[RECORDS FOR THE TASK]:
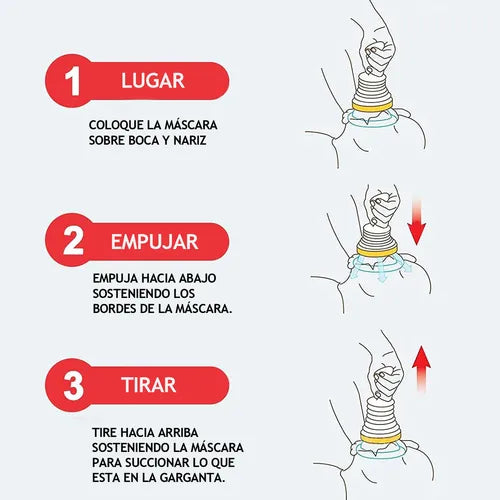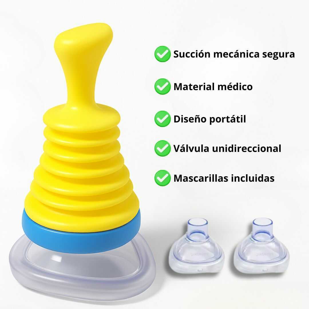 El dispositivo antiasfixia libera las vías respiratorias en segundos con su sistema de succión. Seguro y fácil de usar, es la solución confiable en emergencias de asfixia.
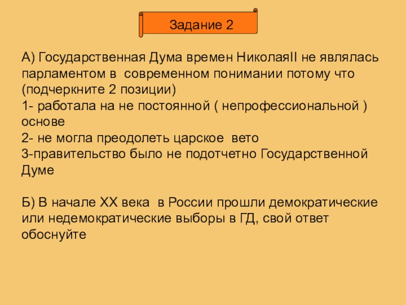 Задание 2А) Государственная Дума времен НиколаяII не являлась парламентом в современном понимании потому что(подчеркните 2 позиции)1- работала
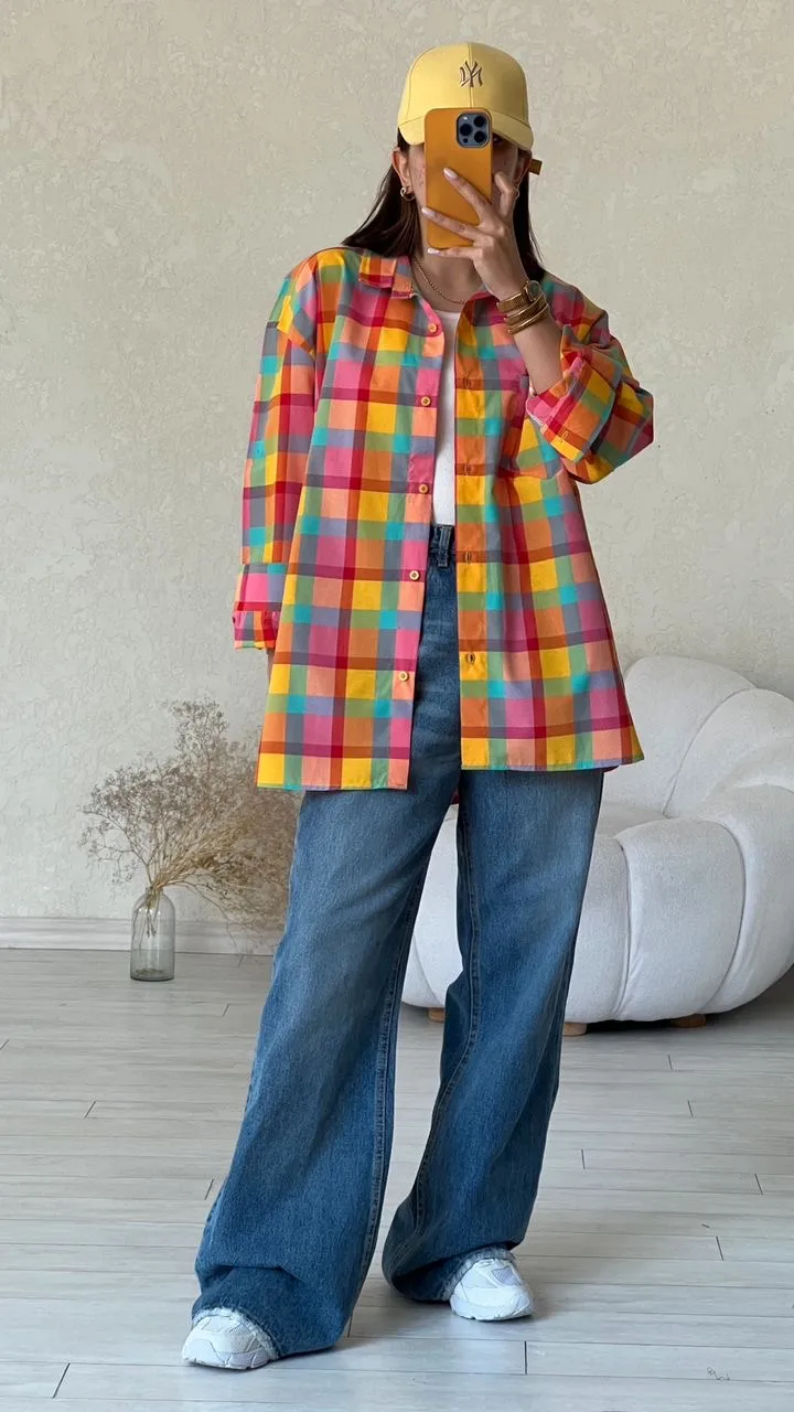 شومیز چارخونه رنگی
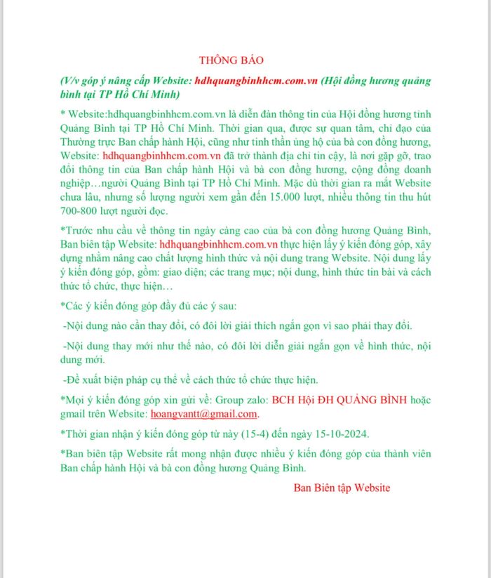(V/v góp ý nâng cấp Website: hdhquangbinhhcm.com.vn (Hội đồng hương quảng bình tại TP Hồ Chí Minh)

==

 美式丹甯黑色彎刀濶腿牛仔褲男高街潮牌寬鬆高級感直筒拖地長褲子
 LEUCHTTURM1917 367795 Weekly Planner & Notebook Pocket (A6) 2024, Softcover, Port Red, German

---

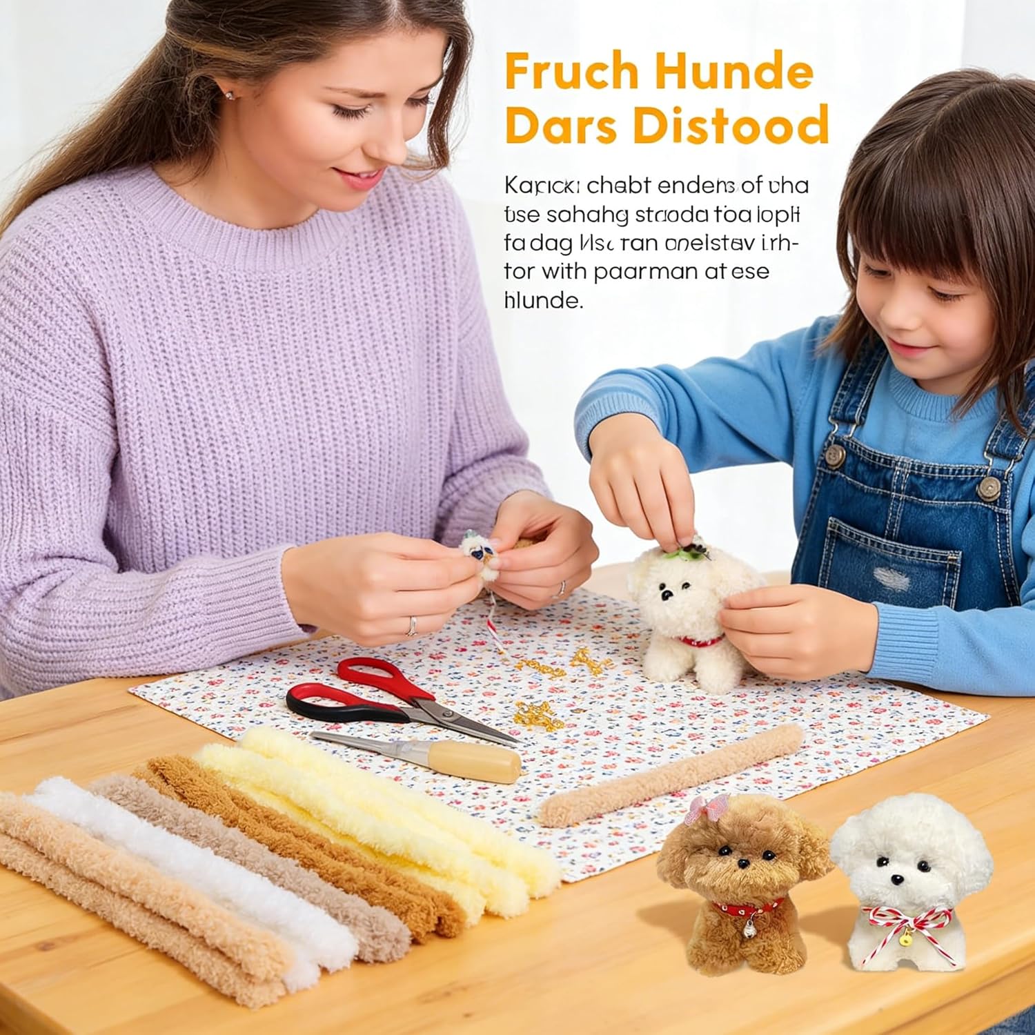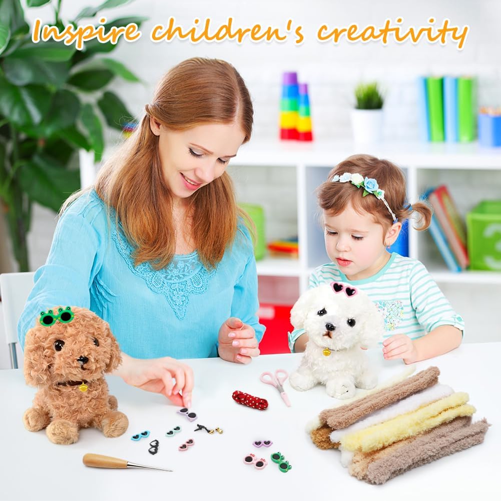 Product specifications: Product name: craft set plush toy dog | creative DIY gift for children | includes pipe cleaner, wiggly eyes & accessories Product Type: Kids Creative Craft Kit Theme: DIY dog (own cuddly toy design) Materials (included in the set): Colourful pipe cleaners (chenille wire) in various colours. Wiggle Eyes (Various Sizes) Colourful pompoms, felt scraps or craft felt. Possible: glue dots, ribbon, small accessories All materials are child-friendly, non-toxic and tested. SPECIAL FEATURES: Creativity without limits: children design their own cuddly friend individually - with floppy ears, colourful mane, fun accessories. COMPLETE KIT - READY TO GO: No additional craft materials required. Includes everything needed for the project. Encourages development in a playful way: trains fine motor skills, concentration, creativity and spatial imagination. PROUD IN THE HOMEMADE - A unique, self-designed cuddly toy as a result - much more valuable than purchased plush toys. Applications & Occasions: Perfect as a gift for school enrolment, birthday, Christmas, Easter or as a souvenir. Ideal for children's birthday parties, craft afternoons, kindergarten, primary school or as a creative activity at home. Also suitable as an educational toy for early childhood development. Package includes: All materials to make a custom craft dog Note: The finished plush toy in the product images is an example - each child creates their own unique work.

[WHAT IS REQUIRED]: Skip every picture, and restate word for word only the lines above from the line containing "Задание 2А) Государственная" to the line containing "(V/v góp ý nâng", both of them included.

[SOLUTION FOR THIS PROBLEM]:
 Задание 2А) Государственная Дума времен НиколаяII не являлась парламентом в современном понимании потому что(подчеркните 2 позиции)1- работала
 شومیز چارخونه رنگی
(V/v góp ý nâng cấp Website: hdhquangbinhhcm.com.vn (Hội đồng hương quảng bình tại TP Hồ Chí Minh)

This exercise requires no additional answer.